Abstract
Purpose :
We hypothesize that a keratoprosthesis can be constructed of biocompatible flexible acrylic such as that commonly used in intraocular lenses and can be used to restore the corneal visual axis in a minimally invasive manner without the need for cornea carrier tissue.
Methods :
A keratoprosthesis mold was produced using computer aided design software. A mixture of phenylethyl methacrylate, phenylethyl acrylate, hexanediol crosslinking agent, and free radical initiator was poured into the mold and allowed to polymerize overnight at 100C to form a keratoprosthesis. The keratoprosthesis was assessed for toxicity by MTT assay. It was implanted into ex vivo cadaveric eyes. It was then tested in vivo in 5 rabbits.
Results :
After polymerization a flexible clear acrylic keratoprosthesis is produced. It showed ability to deform and flex when warm, but remained stiff and in shape at room temperature. The material was not found to be toxic by MTT assay.
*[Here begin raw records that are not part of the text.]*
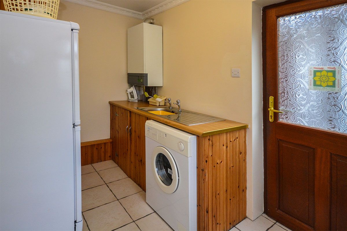 The utility room has a standing fridge/freezer, utility sink and a washing machine.
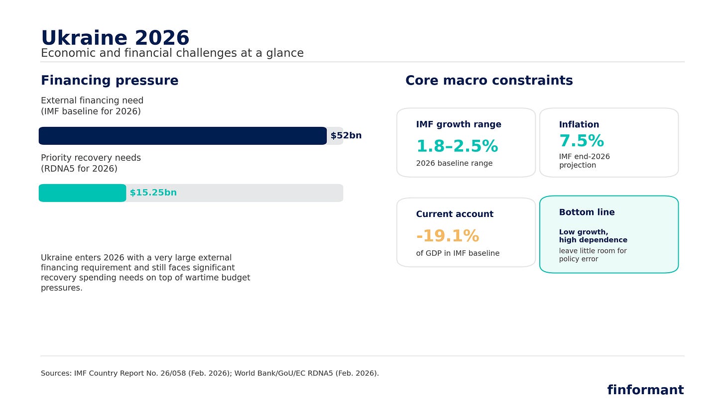 The immediate trigger is fiscal. On March 18, an IMF mission began talks with Ukraine as Kyiv struggled to pass unpopular tax measures tied to a new $8.1 billion program. Ukraine will require between $45 billion and $52 billion in external financing this year to cover its budget deficit. In a war economy where domestic revenue is largely consumed by defense, this is not a secondary issue. It is the state’s operating margin.
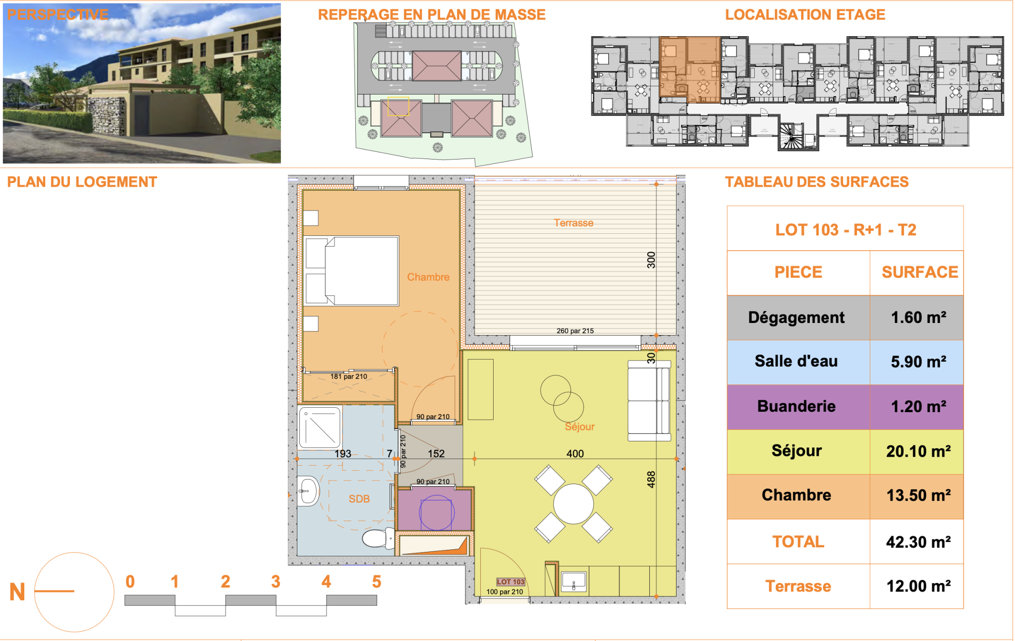 Cet appartement de 42,30 m2 vous séduira par ses volumes optimisés et sa terrasse de 12,00 m2, idéale pour profiter pleinement du climat méditerranéen et des soirées d’été.
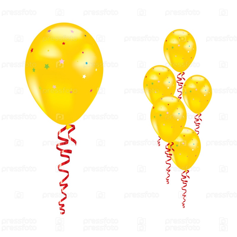 Желтые шарики со звездочками и лентами на белом фоне
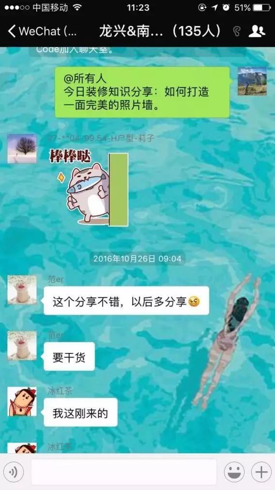 2) 每日早安干货——每天早上9点固定早安问候,分享装修知识并引导互动。用你的主号和群里的“自己人”聊天,制造互动很劲爆的氛围,吸引出潜水的业主参与互动。
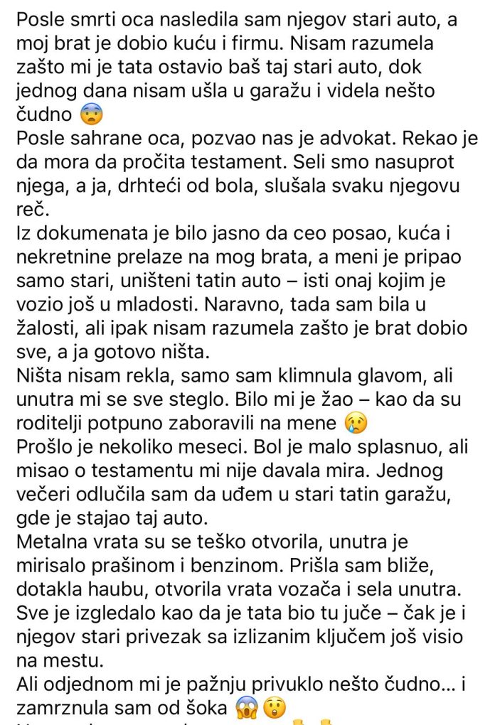Nakon smrti oca, dobila sam stari automobil, a moj brat – kuću i firmu. Nisam razumela zašto je to tako, sve dok jednog dana nisam ušla u garažu i pogledala unutra.
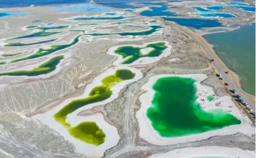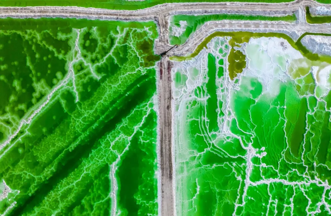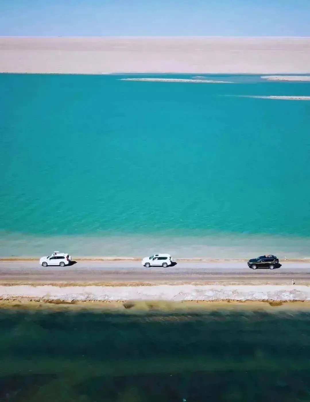【翡翠湖】电影《送你一朵小红花》取景地,形态迥异、深浅不一的盐池宛如一块块晶莹剔透的“翡翠”
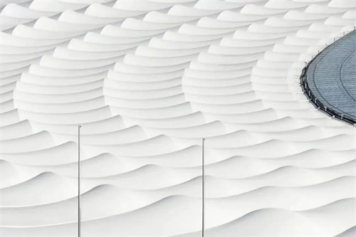體育場屋頂由兩個鋼筋結(jié)構(gòu)的薄片板對接而成的,每個都有31000平方米的面積。上邊的薄片由76個部分組成,一共有1158片玻璃,每片都重達200公斤,這些玻璃是這個屋頂?shù)淖詈蠼M成部分,這個屋頂自身就有20層建筑保護。
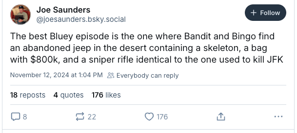 And, while some of Bluesky’s recent pop off is due to MSNBC’s Chris Hayes plugging it on air this week, there are other factors at play, as well. The two biggest, as far as I can tell, being that Musk’s proximity to the incoming Trump administration now makes X an official propaganda organ of the American right and journalists are finally accepting that Threads sucks shit. Garbage Day is not always correct, but we were correct about Threads on day one.
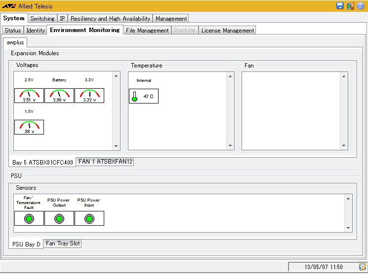 | Expansion Modules | 拡張モジュールの電圧状態(Voltage)、温度状態(Temperature)、ファンの状態(Fan)が表示される |
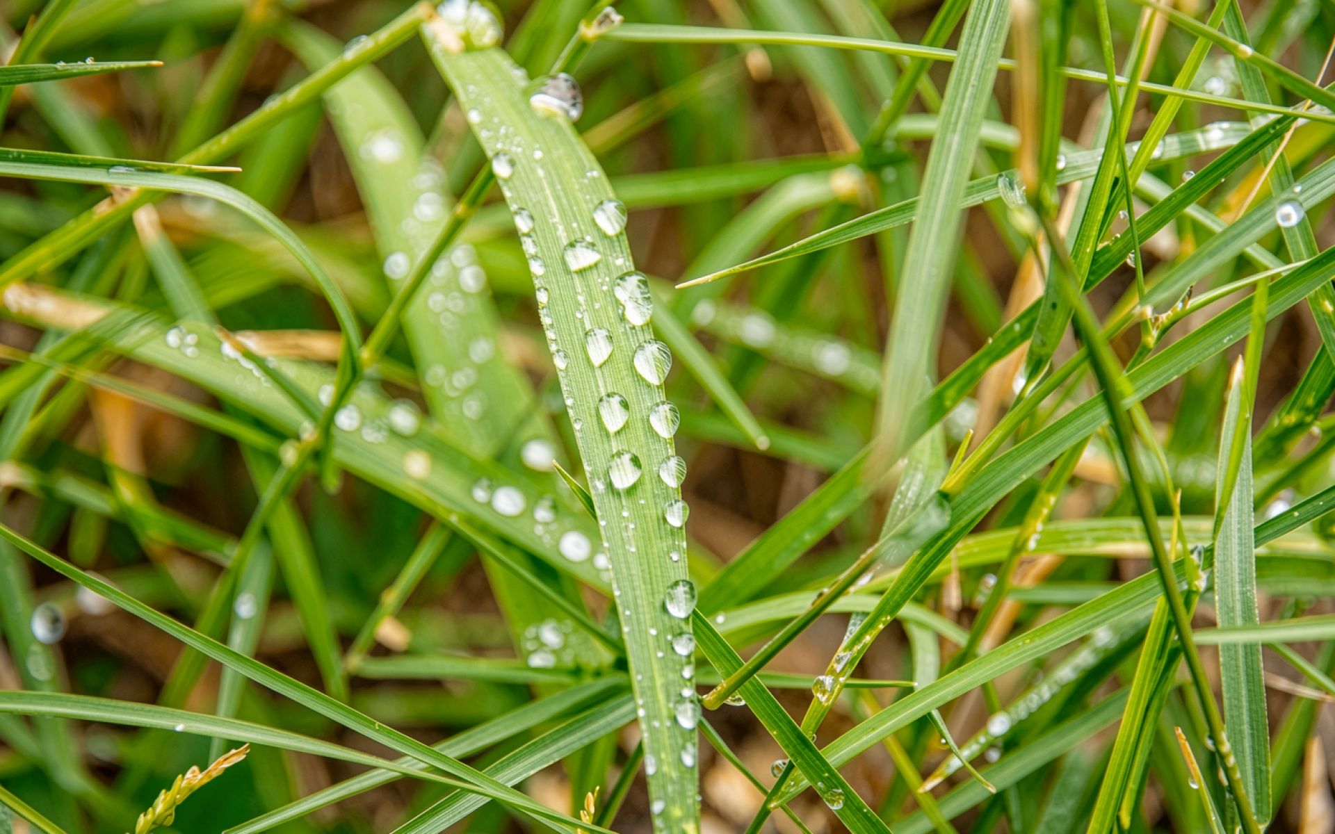 Капли росы на зеленом листе травы

It could be implanted into a 3 mm corneal trephination. 5 rabbits were able to retain the keratoprosthesis for 1 month.
Conclusions :
A full thickness flexible acrylic keratoprosthesis can be produced and implanted into the cornea through a 3 mm trephination without need for carrier cornea tissue.
This is an abstract that was submitted for the 2017 ARVO Annual Meeting, held in Baltimore, MD, May 7-11, 2017.